Pakistanis stage massive anti-US rally

Author: 
Azhar Masood | Arab News
Publication Date: 
Fri, 2008-12-19 03:00

ISLAMABAD: More than 10,000 Pakistanis protested yesterday against allowing US forces to ship supplies through Pakistan into Afghanistan in a sign of growing pressure on Islamabad to harden its foreign policy.

It was one of the largest rallies against the government since it took office in March. Militants have attacked trucks using the critical Khyber Pass route several times in recent weeks.

The protesters - backers of Jamaat-e-Islami - also decried US missile strikes targeting Al-Qaeda and Taleban leaders in Pakistan’s lawless tribal areas along the Afghan border and Pakistani military offensives against Islamic insurgents in the area.

Banner-toting demonstrators chanted “Down with America” and “Jihad is the only solution of America” as they marched along a key road in the main northwestern city of Peshawar, led by national party chief Qazi Husain Ahmed. “If America continues atrocities against Muslims, it will also not be able to live in peace,” Express television quoted Ahmed as saying.

“We consider the presence of American forces in Afghanistan a big conspiracy against Pakistan,” Ahmed told the protesters. “They take their supplies to Afghanistan on our roads and in return they kill our people with bombs. This must be stopped,” he said.

Yesterday’s protest was the first major rally by Islamists in Peshawar for several years. Ahmed did not refer to the militant attacks on the supply routes and urged the crowd to show opposition peacefully. “Don’t take up guns in your hands but greet these convoys with black flags as they pass by your homes to force them to stop,” he said.

The Jamaat-e-Islami and other Islamist groups rose to power in North-West Frontier Province by exploiting anti-US sentiment in 2002 elections. They were routed in February polls by secular and Pashtun nationalist parties. About 300 trucks delivering supplies for the Western forces in Afghanistan have been destroyed in a string of attacks by militants near Peshawar over the past two weeks.

Sirajul Haq, Jamaat-e-Islami’s provincial chief, threatened to cut off the convoys. “We will no longer let arms and ammunition pass through ... and reach the hands of American and NATO forces in Afghanistan,” he told the crowd. “They are using the same against our innocent brothers, sisters and children.”
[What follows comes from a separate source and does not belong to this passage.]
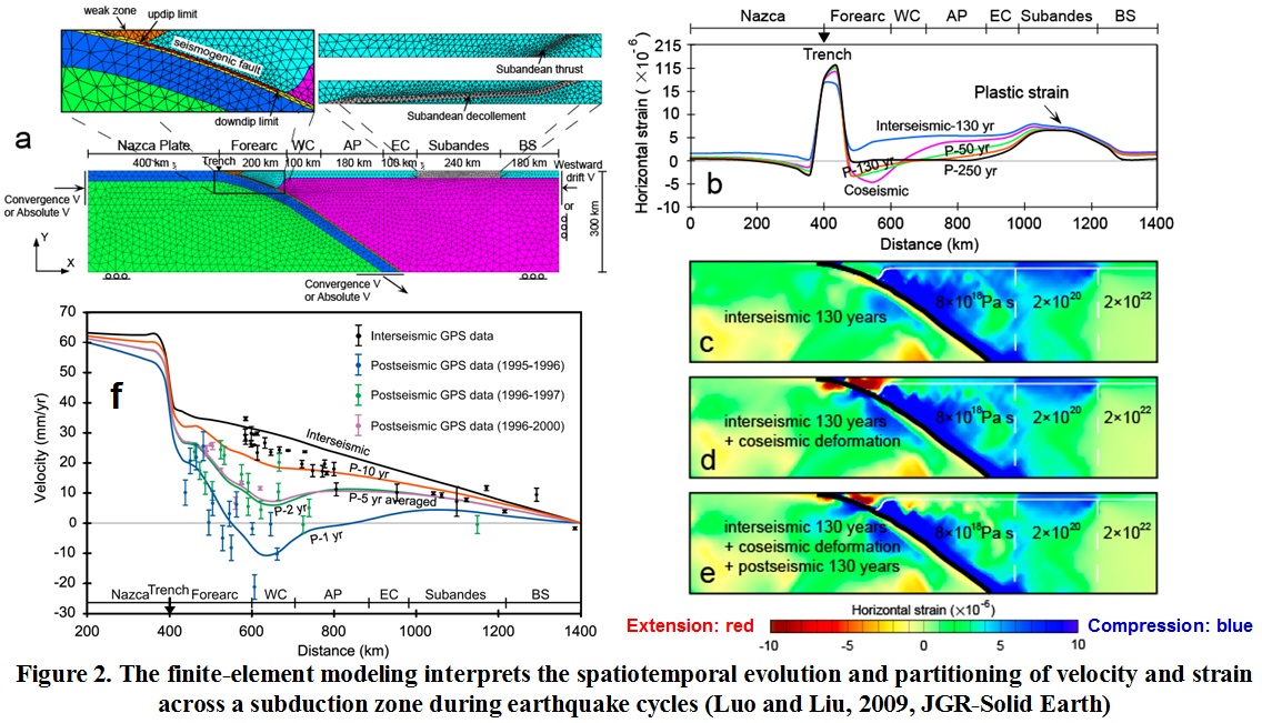 • Luo G.*and Liu, M., 2009, How does trench coupling lead to mountain building in the subandes? A viscoelastoplastic finite element model, Journal of Geophysical Research-Solid Earth, v. 114, B03409, doi:10.1029/2008JB005861.

The protest comes at a time that the government is dealing with fallout from the Mumbai terror attacks that killed more than 170 people. India says the Pakistan-based Lashkar-e-Taiba militant group was behind November’s attacks. Pakistan has arrested some suspects and clamped down on a charity, Jamaat-ud-Dawa, allegedly linked to the outlawed group, but it insists it needs evidence from India.